HOW TO COMPLETE THIS TASK »
Repeat every record below exactly, leaving out the pictures.

── DATA FOR THIS EXERCISE

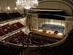"The orchestra is German; the music three-fourths German, and the other fourth exotic; scarcely half the singers were native-born; but, despite all this, it is thoroughly American, for nothing but that attenuated and intensified form of Anglo-Saxon called the Yankee could ever have supplied the nerve-force needed to carry on such a mammoth affair."[9] Performances included repertoire that was overwhelmingly German. Handel, Bach, Beethoven, Haydn, and Mozart comprised the first two concerts. Of the sixty works on the seven concerts, only five were by composers not born in a German-speaking country. The matinee concerts consisted largely of arias, art songs, and light orchestral works, including isolated movements of symphonies, Strauss waltzes, and overtures. Thomas's evening concerts were more formal and consisted of major vocal and choral works, including Handel's Dettingen Te Deum, scenes from Gluck's Orfeo ed Euridice, and Beethoven's Ninth Symphony, along with purely symphonic works and concert arias.[10]
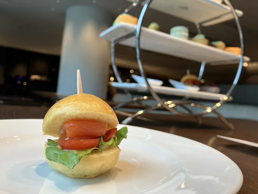 ハンバーガーも一口サイズながらスモークサーモンと野菜の味がしっかりと感じられて満足の一品。
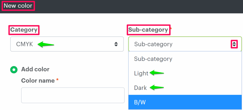 5. A pop-up named New Color will open. Select CMYK from the dropdown of Category. Then click the dropdown of “Sub-Category” and select your desired subcategory.
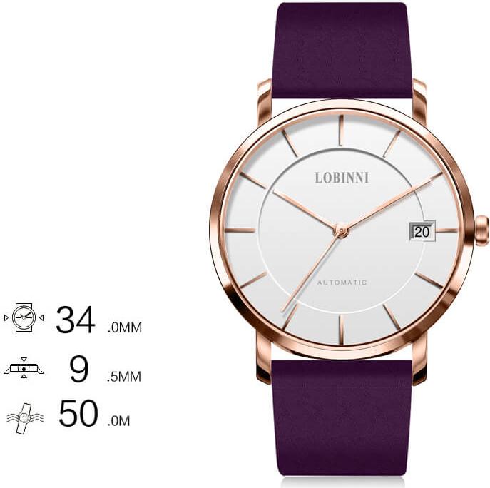 Nhãn hiệu LOBINNI Mã sản phẩm No.2065-1 Giới tính Nữ Kiểu máy Automatic (Máy Cơ) Đường kính mặt 36 mm Độ dày 9,7 mm Chất liệu vỏ Thép không gỉ 316L Chất liệu dây Dây da cao cấp Chất liệu mặt kính Mineral Crystal
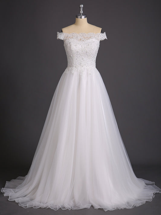 Babaroni GinaGina Fuera Del Hombro Encaje Y Tul Corte De Novia Marfil
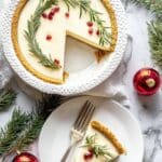 - Serve and Decorate: Remove the springform pan collar, slice, and serve. Optionally, decorate with pomegranate seeds and fresh rosemary for a festive touch.
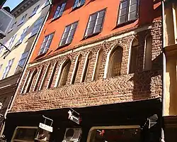 During a restoration in 1946, a medieval bricked wall was discovered on Number 29, today exposed over the shop windows. The eleven pointed arches and the bricked herringbone pattern, dates back to the 14th century, while the glazed window are later additions — the first glazier in Stockholm is mentioned in 1421 and glass was still luxury at the time, so these windows were shut using wooden shutters, some rays of light possibly passing in through scraped leather or panes of bones. The cast iron columns on street-level are from the 19th century.[12]
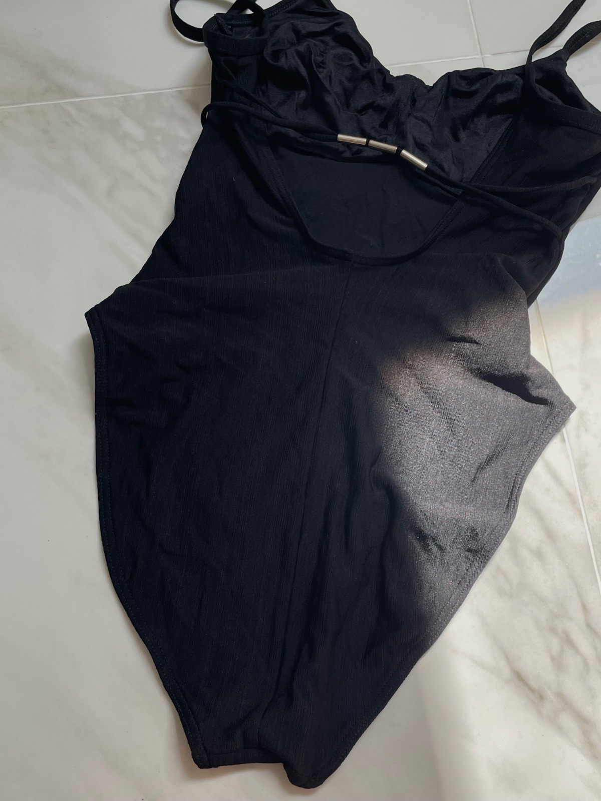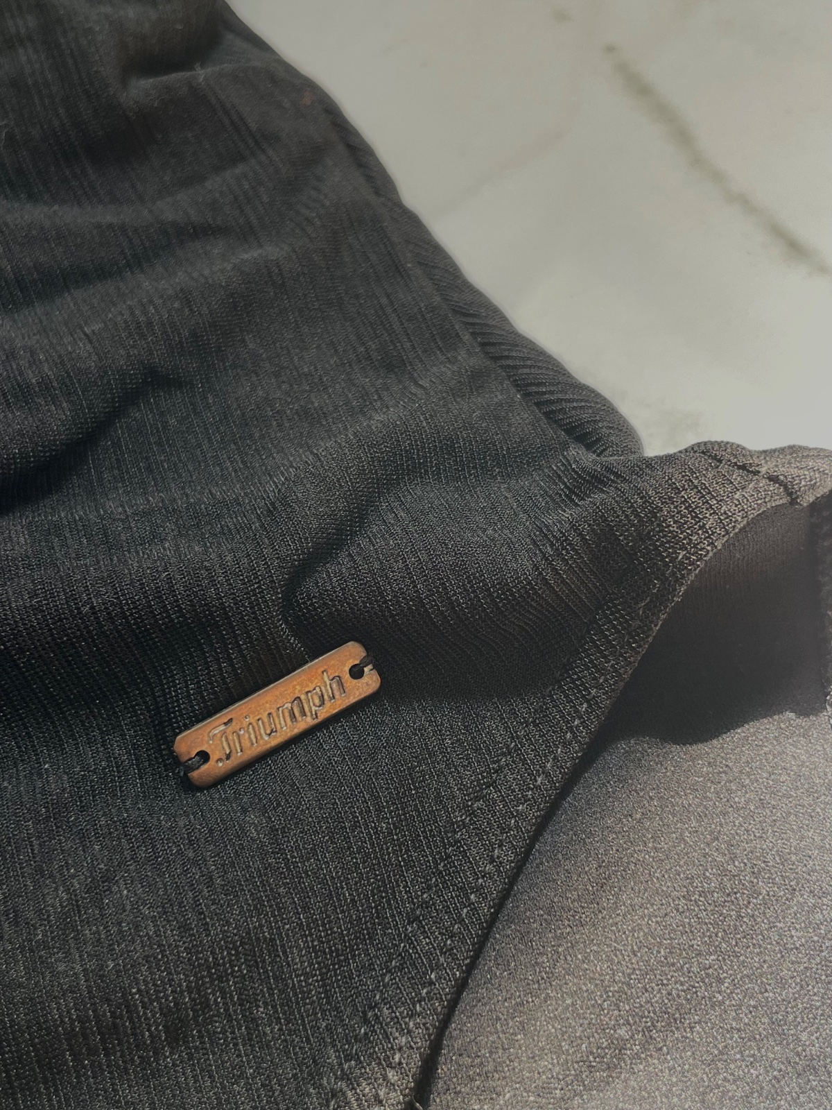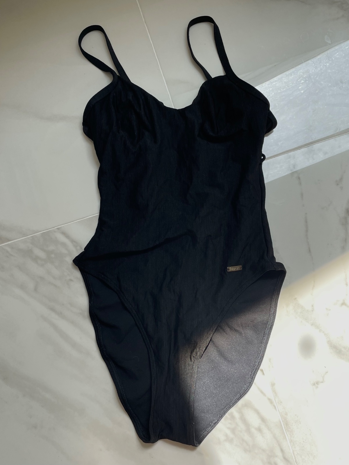 Elegantné čierne jednodielne plavky od značky Triumph v nadčasovom strihu. Materiál má jemnú rebrovanú štruktúru, ktorá pôsobí veľmi kvalitne a moderne. Plavky majú tenké ramienka a na boku decentný kovový detail s logom značky. Zadná časť je vykrojená a doplnená o zaväzovanie, ktoré umožňuje lepšie prispôsobenie postave. Sú minimálne nosené a vo výbornom stave, vhodné pre veľkosť S až menšie M. pekne formujú postavu.

────

ANSWER SPACE »
"The orchestra is German; the music three-fourths German, and the other fourth exotic; scarcely half the singers were native-born; but, despite all this, it is thoroughly American, for nothing but that attenuated and intensified form of Anglo-Saxon called the Yankee could ever have supplied the nerve-force needed to carry on such a mammoth affair."[9] Performances included repertoire that was overwhelmingly German. Handel, Bach, Beethoven, Haydn, and Mozart comprised the first two concerts. Of the sixty works on the seven concerts, only five were by composers not born in a German-speaking country. The matinee concerts consisted largely of arias, art songs, and light orchestral works, including isolated movements of symphonies, Strauss waltzes, and overtures. Thomas's evening concerts were more formal and consisted of major vocal and choral works, including Handel's Dettingen Te Deum, scenes from Gluck's Orfeo ed Euridice, and Beethoven's Ninth Symphony, along with purely symphonic works and concert arias.[10]
 ハンバーガーも一口サイズながらスモークサーモンと野菜の味がしっかりと感じられて満足の一品。
 5. A pop-up named New Color will open. Select CMYK from the dropdown of Category. Then click the dropdown of “Sub-Category” and select your desired subcategory.
 Nhãn hiệu LOBINNI Mã sản phẩm No.2065-1 Giới tính Nữ Kiểu máy Automatic (Máy Cơ) Đường kính mặt 36 mm Độ dày 9,7 mm Chất liệu vỏ Thép không gỉ 316L Chất liệu dây Dây da cao cấp Chất liệu mặt kính Mineral Crystal
 Babaroni GinaGina Fuera Del Hombro Encaje Y Tul Corte De Novia Marfil
 - Serve and Decorate: Remove the springform pan collar, slice, and serve. Optionally, decorate with pomegranate seeds and fresh rosemary for a festive touch.
 During a restoration in 1946, a medieval bricked wall was discovered on Number 29, today exposed over the shop windows. The eleven pointed arches and the bricked herringbone pattern, dates back to the 14th century, while the glazed window are later additions — the first glazier in Stockholm is mentioned in 1421 and glass was still luxury at the time, so these windows were shut using wooden shutters, some rays of light possibly passing in through scraped leather or panes of bones. The cast iron columns on street-level are from the 19th century.[12]
 Elegantné čierne jednodielne plavky od značky Triumph v nadčasovom strihu. Materiál má jemnú rebrovanú štruktúru, ktorá pôsobí veľmi kvalitne a moderne. Plavky majú tenké ramienka a na boku decentný kovový detail s logom značky. Zadná časť je vykrojená a doplnená o zaväzovanie, ktoré umožňuje lepšie prispôsobenie postave. Sú minimálne nosené a vo výbornom stave, vhodné pre veľkosť S až menšie M. pekne formujú postavu.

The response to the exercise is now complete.